The Chinese mutual fund industry is undergoing a significant upheaval, evidenced by the highest number of fund closures in the past five years. This trend, mirroring the downturn in the nation’s stock market, signals a severe decline in investor confidence. Data compiled by Bloomberg since 2014 reveals that around 240 local mutual funds were liquidated last year, a peak not seen since 2018’s regulatory reforms in asset management. Notably, 80% of these liquidated funds were heavily invested in stocks, marking a record in this domain.
The concerning trend of mutual fund closures in China has persisted into the current year, with 14 more funds already liquidated and an additional 24 on the brink, as per Bloomberg’s analysis of official data. This downturn coincides with a significant drop in new mutual fund subscriptions, reaching a decade-low. The increasing rate of fund liquidations exacerbates the decline of the world’s second-largest stock market, creating a negative feedback loop as retail investors shift their preference from mutual funds to the perceived safety of cash holdings.
The Chinese mutual fund industry is facing unprecedented challenges due to the ongoing stock market crisis. Li Yiming, a senior analyst at Morningstar Inc., highlights that poor performance is a key factor driving the shrinkage and liquidation of mutual funds. The situation is worsened by the fact that China now holds the unenviable title of the world’s worst-performing major market this year. The CSI 300 Index, a critical benchmark, continues its downward trajectory, marked by its ninth decline in ten weeks despite state intervention in the market.

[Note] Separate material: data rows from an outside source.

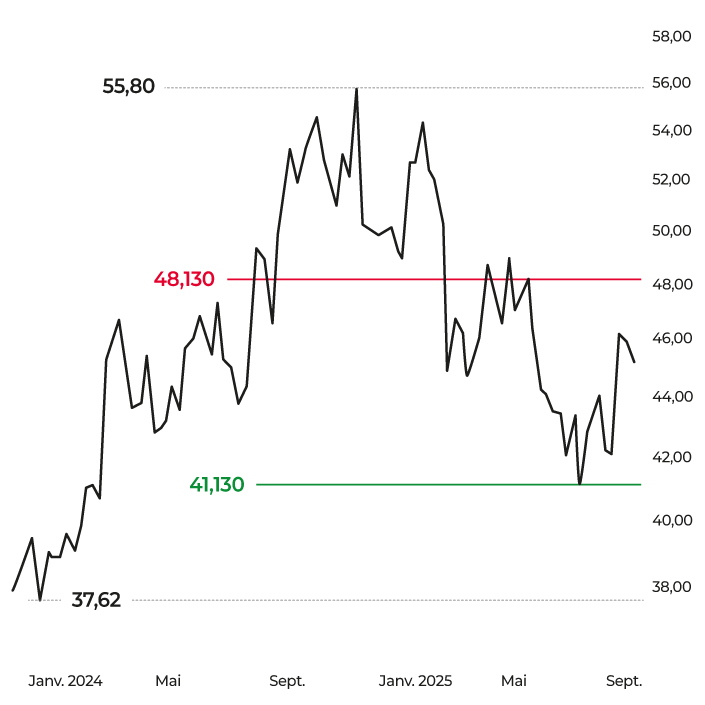 Il faut dire qu’Inditex conserve d’excellents fondamentaux avec une excellente logistique intégrée et une rapide réactivité quant aux évolutions de tendances et aux envies des consommateurs. Un nouveau centre de distribution en Espagne doit encore renforcer cet avantage compétitif. Sur la dernière décennie, ventes et bénéfices ont doublé, preuve d’une profitabilité exceptionnelle par rapport aux concurrents du secteur. Inditex a connu un début d’année difficile mais le groupe a prouvé par le passé sa capacité à rebondir. C’est ce sur quoi parient les investisseurs. Nous sommes positifs sur la valeur avec un prix cible à 55 EUR à moyen terme.
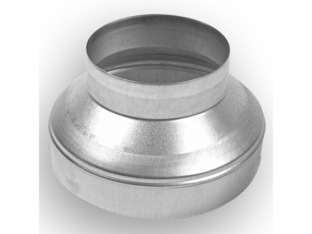 Metallkupplung für das Lüftungssystem. Reduktion für den Übergang von flexiblen Rohren 150-125 mm, Verbindung von Ventilator und Rohrleitung.
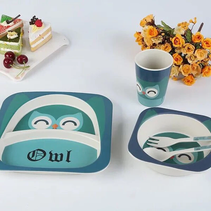 Бесплатная доставка 5 шт./компл. Экологичная детская столовая утварь для кормления Набор с чашей тарелка вилка ложка чашка бамбуковое волокно детская посуда
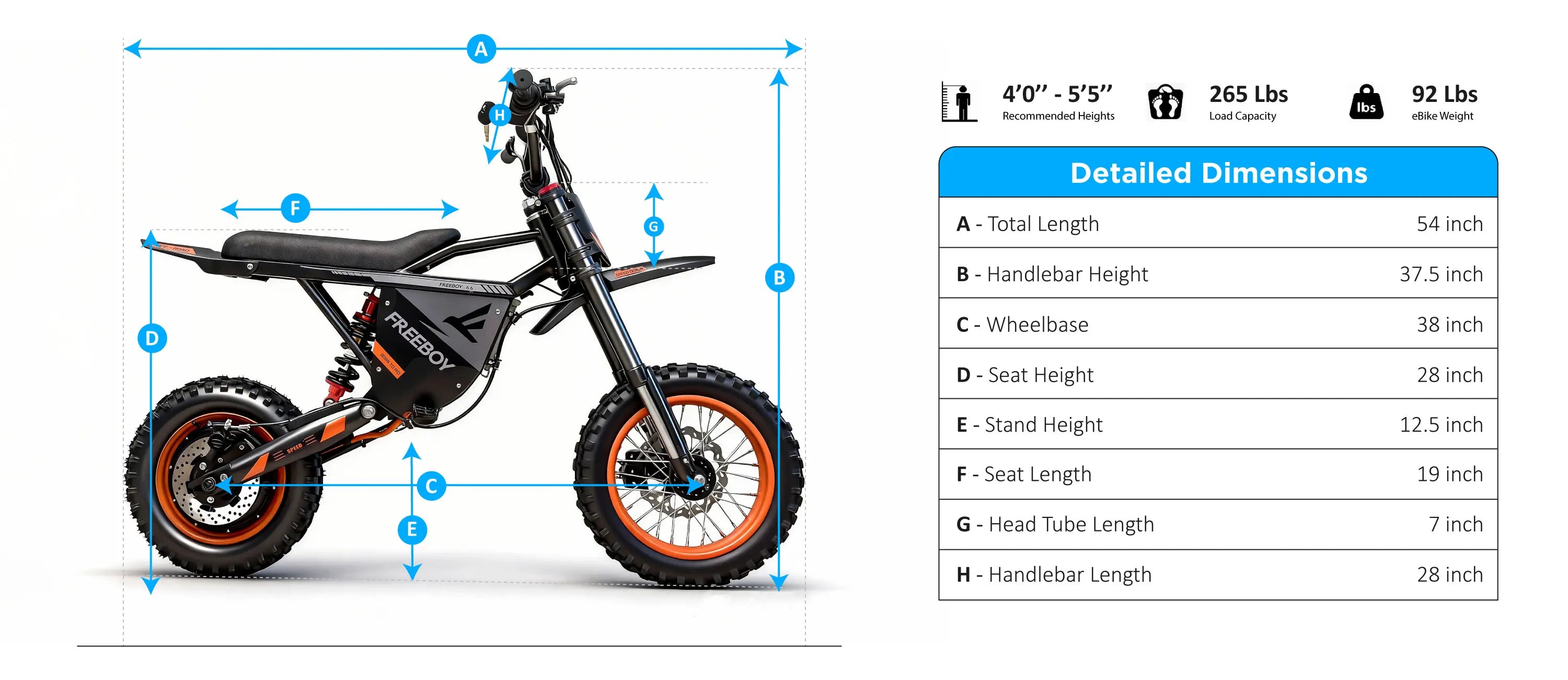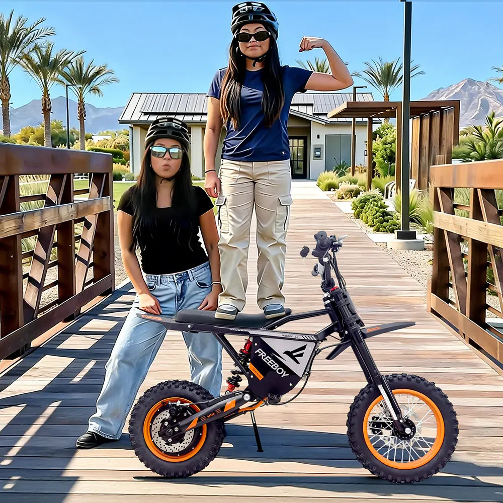 The Dakeya Freeboy Y66 3000W Dirt Electric Bike is a rugged off-road machine built for riders who demand power, agility, and adventure. With a 3000W rear hub motor, a top speed of 34 MPH, and up to 31 miles of range, it’s designed to conquer dirt trails, rugged paths, and challenging terrain. Featuring 12” front and 10” rear tires, a heavy-duty iron frame, and a high-capacity 48V 30Ah battery, the Y66 delivers a smooth, controlled, and thrilling ride every time.
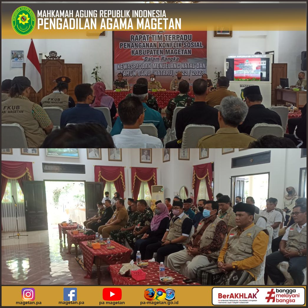 Magetan | pa-magetan.go.id | Pengadilan Agama Magetan yang diwakili oleh Ketua (YM. Hj. Yurita Heldayanti, S.Ag., M.H) menghadiri Rapat Tim Terpadu Penanganan Konflik Sosial Kabupaten Magetan Dalam Rangka Kewaspadaan Menjelang Natal dan Tahun Baru (Nataru) 2022/ 2023 yang dilaksanakan di Kantor Bupati Magetan.
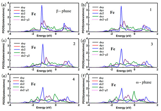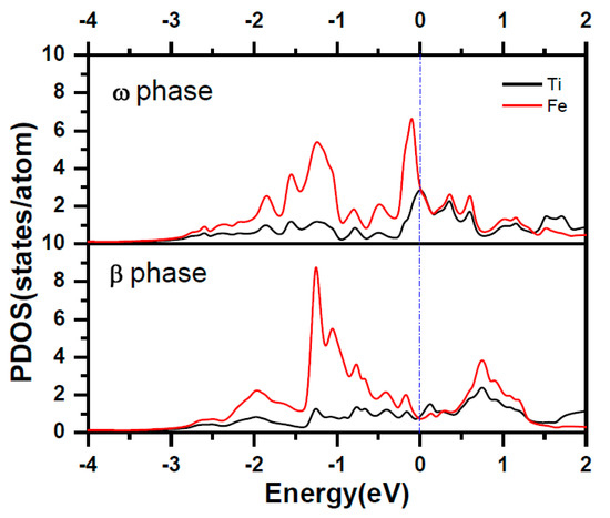 Here, Etot (Fe, x) refers to the total energy of Fe doped in x phase titanium. E (Ti, x) is the total energy per atom with x phase. And E (Fe) is energy per atom of Fe in BCC structure. we use the formation energy for per Fe atom to identify the stability of the Fe doping in different phase of titanium alloy. The formation energy for per Fe atom doped in deferent phase of titanium alloys are calculated as: 0.58 eV, −0.03 eV and 0.88 eV for Fe doped in α, β and ω phase titanium, Clearly, the substitution Fe prefers to dope in the β phase titanium, indicating that the Fe is a β stabilizer element. The contour of the charge density distribution for Fe doped β and ω phase of titanium are shown in Figure 1, contours start from 2.0 × 10−5 e/Å3 and increase consecutively by a factor of 1.2. The position of substitution site labeled as Fe are indicated in Figure 1c,d. For comparison, the contour of the charge density distribution for β and ω phase of titanium are also shown Figure 1e,f. The results show that the charge density and interactions between Ti-Ti in the β-phase are much weaker than those in the ω-phase The results show that the charge density and interactions between Ti-Ti in the β-phase are much weaker than those in the ω-phase Therefore, the titanium in the β-phase is more unstable than that in the ω-phase. Obviously, the charge density between the Ti-Fe is much more than between the Ti-Ti in β and ω phase titanium. The charge density between Ti-Fe for Fe doped in β phase titanium is still a little bit smaller than that for Fe doped in ω phase titanium. However, Fe atom has eight nearest neighbor Ti in β phase while there is only three nearest neighbor Ti in ω phase. This difference results in the stability of Fe doped in β phase and ω phase titanium. To further investigate the interaction between the Fe and Ti in β phase and ω phase titanium, we give the atomic projected DOS of Fe and Ti in Figure 2. We draw the partial DOS of four points on the ω-β transformation path in Figure 3 and Figure 4 when a 2 × 2 × 2 supercells is doped with one Fe atom. There is a resonance peak near the Fermi level for Fe and Ti for Fe doped in ω phase titanium while the resonance peak locates at 1.4 eV lower the Fermi Level for Fe doped in β phase titanium. The height of the resonance peaks indicates the strength of the hybridization between the Fe atom and Ti atom and the position of the resonance peak refers to the hybridization energy level. The lower energy lever and the stronger hybridization strength means the stronger interaction between atoms. From the PDOS shown in Figure 2, Figure 3 and Figure 4, we conclude that the interaction between Fe and Ti in β phase is much stronger than that in ω phase, which is responsible for the lower energy for Fe doped in β phase titanium.
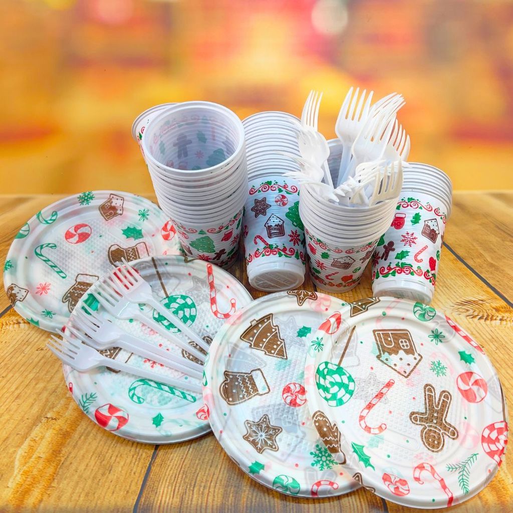 KIT FESTA NATAL 50 PESSOAS COPOS+PRATOS+GARFOS
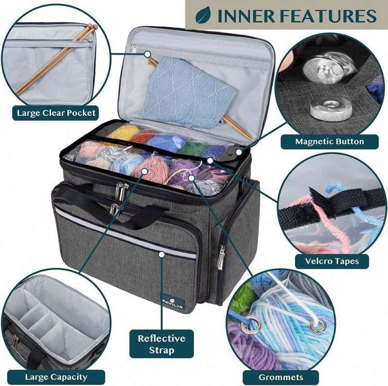 Free Sample Custom Knitting Bag with Inner Divider for Yarn and Knitting Needles Yarn Tote Organizer Crochet Organizer Bag
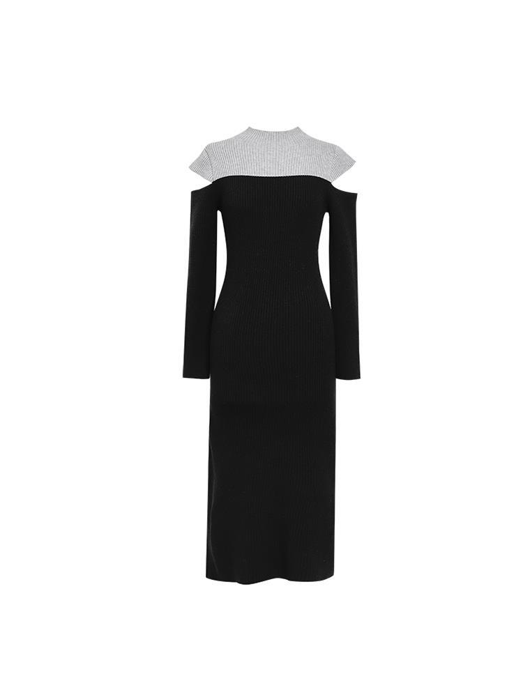 【送料無料】3色 カットアウト ニットワンピース リブ ハイネック Aライン バイカラー 長袖 オープンショルダー 切り替え 大人可愛い カジュアル シンプル かわいい お洒落 こなれ感 エレガント フェミニン 主役級 存在感 レディース スタイルアップ 冬 秋 10代 20代 30代 デート 女子会 休日 着回し 普段使い 韓国 韓国系 ファッション コーデ スタイル モテ トレンド インスタ映え ワンサイズ コーデ ホワイト ブラック グレー アプリコット スリム セーター db4105

China’s securities regulations play a significant role in the ongoing mutual fund crisis. Funds must meet specific investor and capital requirements to launch, and a sustained drop in asset value triggers mandatory regulatory notification and potential liquidation. Many funds opt for liquidation over other complex options like merging, resulting in forced portfolio sell-offs and losses for investors, particularly those who invested in the long-term. The CCB Principal Quantitative Event-driven Equity Fund serves as a stark example, having lost over 90% of its value since its 2017 inception.
The appeal of actively managed mutual funds in China is rapidly diminishing. A China Securities Index Co. measure indicates a 7.7% decline in stock-focused mutual funds this year. Investors are also losing interest in exchange-traded funds (ETFs), which are now facing an oversupply issue. The ICBC Credit Suisse CSI Consumer Top ETF exemplifies the struggle, nearing the threshold for termination due to persistently low net asset values. Nicholas Yeo of abrdn underscores the prevailing market sentiment, noting significant redemptions and investor reluctance to engage in the market due to short-term selling pressures.